Extracted data entries:
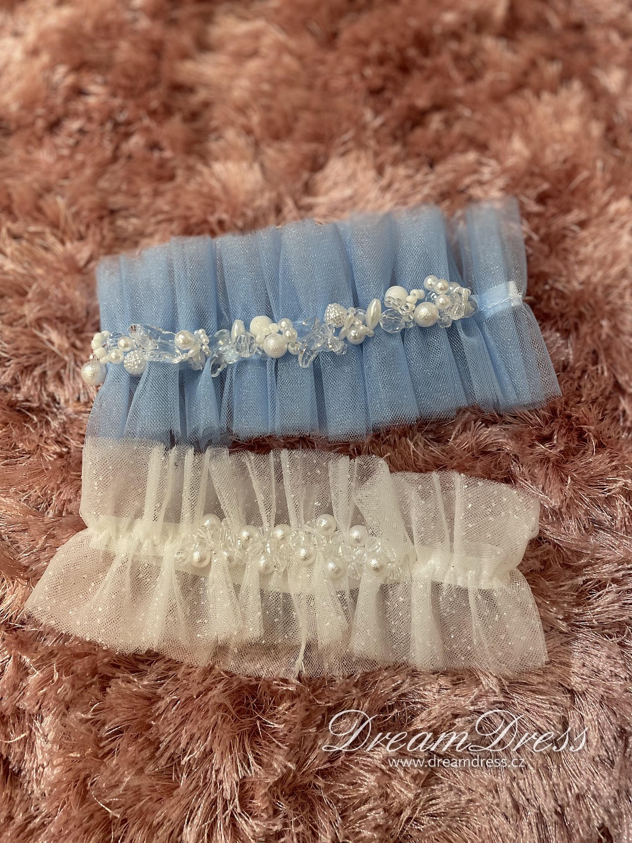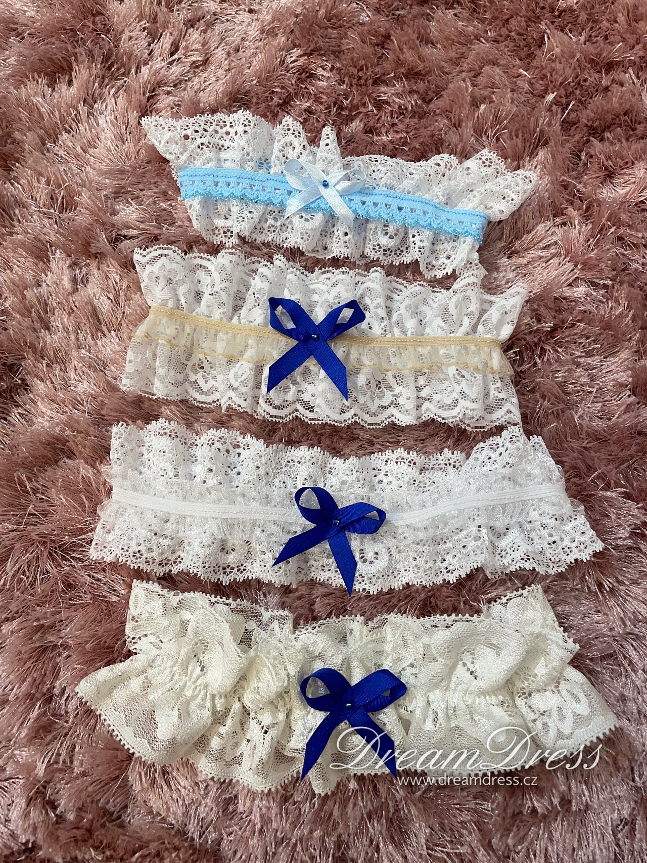 Pokud se držíte tradic, podvazek na svatbě by neměl chybět. Zakoupíte u nás různé podvazky, ale většinou je na něm "něco modrého". Můžeme ušít podvazek i dle vašeho přání. Je to vhodný dárek od svědkyně nebo družičky.
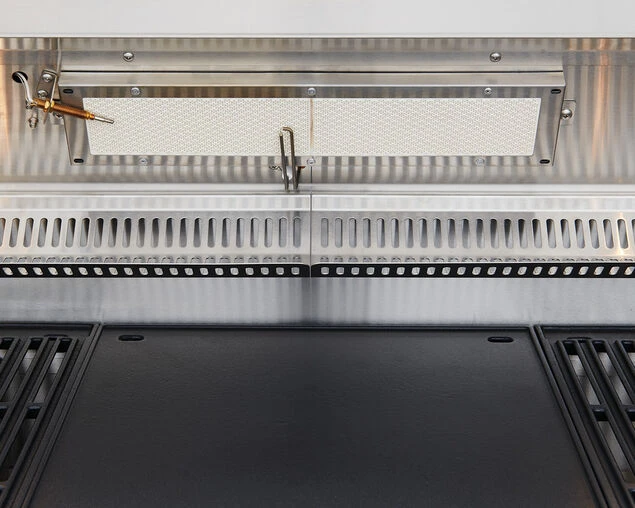 With cast stainless burners and stainless-steel vaporisers, you have one of the most durable, flexible and efficient cooking systems available. Cast stainless heats quickly, maintains consistency and lasts a very long time. With 17MJ of power in each burner, sear steaks at high heat, or turn the power down, giving you the choice in what you cook and how you cook it. And the dual stainless-steel vaporisers efficiently disperse the flames across the grill and plate surfaces whilst reducing those flare ups.
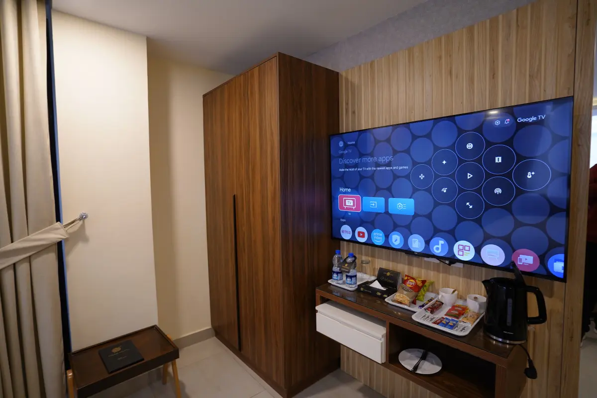 Our studio room features a comfortable bed for a restful night. A sitting corner is set with a sofa cum bed to enjoy while having a good time watching TV. A room has a wardrobe with a router design to store your luggage.
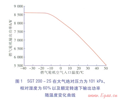 溫度升高、濕度增大固然會降低燃?xì)廨啓C(jī)的輸出功率,但是根據(jù)SGT200-2S燃?xì)廨啓C(jī)性能曲線,其設(shè)計(jì)功率能夠滿足當(dāng)?shù)馗鱾€溫度下制冷劑壓縮機(jī)的功耗要求。SGT200-2S在大氣絕對壓力為l01kPa、相對濕度為60%的設(shè)定狀況以及額定轉(zhuǎn)速下輸出功率隨溫度的變化曲線見圖l。從圖1中可以看出,即使在40℃下理論上燃?xì)廨啓C(jī)輸出功率仍能滿足制冷劑壓縮機(jī)的功耗要求。該廠所處地區(qū)夏季平均環(huán)境溫度為32.7℃,低于40℃;該地區(qū)夏季相對濕度為80%,高于燃?xì)廨啓C(jī)設(shè)定狀況下的相對濕度,可能會造成燃?xì)廨啓C(jī)輸出功率有所降低,但影響效果應(yīng)該較小[1]。
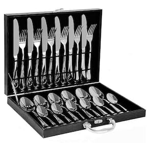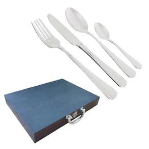 Faqueiro Inox Conjunto Talheres 24 Pçs Maleta Madeira Alça

Task instructions: Each entry above has to be set down again verbatim, except for its pictures.

Output for this task:
 Pokud se držíte tradic, podvazek na svatbě by neměl chybět. Zakoupíte u nás různé podvazky, ale většinou je na něm "něco modrého". Můžeme ušít podvazek i dle vašeho přání. Je to vhodný dárek od svědkyně nebo družičky.
 With cast stainless burners and stainless-steel vaporisers, you have one of the most durable, flexible and efficient cooking systems available. Cast stainless heats quickly, maintains consistency and lasts a very long time. With 17MJ of power in each burner, sear steaks at high heat, or turn the power down, giving you the choice in what you cook and how you cook it. And the dual stainless-steel vaporisers efficiently disperse the flames across the grill and plate surfaces whilst reducing those flare ups.
 Our studio room features a comfortable bed for a restful night. A sitting corner is set with a sofa cum bed to enjoy while having a good time watching TV. A room has a wardrobe with a router design to store your luggage.
 溫度升高、濕度增大固然會降低燃?xì)廨啓C(jī)的輸出功率,但是根據(jù)SGT200-2S燃?xì)廨啓C(jī)性能曲線,其設(shè)計(jì)功率能夠滿足當(dāng)?shù)馗鱾€溫度下制冷劑壓縮機(jī)的功耗要求。SGT200-2S在大氣絕對壓力為l01kPa、相對濕度為60%的設(shè)定狀況以及額定轉(zhuǎn)速下輸出功率隨溫度的變化曲線見圖l。從圖1中可以看出,即使在40℃下理論上燃?xì)廨啓C(jī)輸出功率仍能滿足制冷劑壓縮機(jī)的功耗要求。該廠所處地區(qū)夏季平均環(huán)境溫度為32.7℃,低于40℃;該地區(qū)夏季相對濕度為80%,高于燃?xì)廨啓C(jī)設(shè)定狀況下的相對濕度,可能會造成燃?xì)廨啓C(jī)輸出功率有所降低,但影響效果應(yīng)該較小[1]。
 Faqueiro Inox Conjunto Talheres 24 Pçs Maleta Madeira Alça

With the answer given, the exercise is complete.